The second measure to prevent overfitting is to use overall tests, rather than focus on separate tests for interaction and non-linear terms. Note that based on an overall test, we would not have continued estimation of interaction of age and tachyacardia in the GUSTO-I subsample (Sects. 12.212.4). We should also note that interaction terms make life a bit more difficult for model presentation, arguing against their inclusion in a model unless their relevance is substantial for the specific prediction problem.

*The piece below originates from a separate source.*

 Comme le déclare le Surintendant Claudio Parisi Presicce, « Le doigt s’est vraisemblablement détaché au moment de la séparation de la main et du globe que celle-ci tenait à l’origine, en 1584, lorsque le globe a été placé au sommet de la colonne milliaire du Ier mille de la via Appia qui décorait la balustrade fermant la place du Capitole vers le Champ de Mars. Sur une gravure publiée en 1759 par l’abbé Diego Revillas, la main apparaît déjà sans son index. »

Third, an extension of this overall testing approach is to compare the performance of a flexible model to a simple model without interaction and non-linear effects (e.g. Table 12.5). The flexible model may for example be a neural network, or a GAM. Both the simple model and the flexible model should be validated, e.g. with bootstrapping, to see the validated rather than apparent improvement that might be achieved with inclusion of interaction and non-linear terms.

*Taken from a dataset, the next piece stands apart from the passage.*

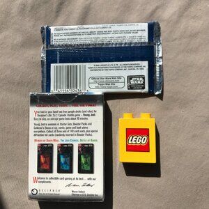Star Wars Collectable bundle-Topps card, Lego, & Card game. Please see photos for more information and condition. Topps cards and card game are unopened. Photos taken in natural light.

Finally, we may use shrinkage techniques to reduce the regression coefficients of selected interaction or non-linear terms. Some extra shrinkage may try to compensate for the “testimation bias” (see Chaps. 5 and 11), which is expected when terms were included in a model because they were relatively large.174 The search for interactions and non-linear terms makes that the effective degrees of freedom of a flexible model is larger than the final degrees of freedom of a fitted model. This is recognized by FP transformations, where FP1 is tested with 2 df, and FP2 with 4 df. It is not included in p-values for optimal GAM transformations (according to GCV). P-values are then only approximate as a result of ignoring uncertainty in the model specification (e.g. searching for a smoothing parameter in GAM).

12.6 Questions

  1. 12.1

    Additivity and interaction

    1. (a)

      Explain the additivity assumption in your own words, and the relevance of the scale for assessing additivity?

    2. (b)

      Explain interaction terms in your own words?

    3. (c)

      How many interaction terms can be assessed in a model with ten binary predictors?

    4. (d)

      How many of these would be expected to be statistically significant at the p<0.05 level?

  2. 12.2

    Assumptions and model performance

    1. (a)

      Why would you consider testing of the additivity assumption with interaction terms?

    2. (b)

      Which key problem can occur when interactions and non-linearities are included in the model? How can this be prevented?

    3. (c)

      Model performance increases with more flexible non-linear functions. In Table 12.5, the maximum Model LR is 240. Is this model hence prefered for predicting outcome, or do you think other considerations are also relevant?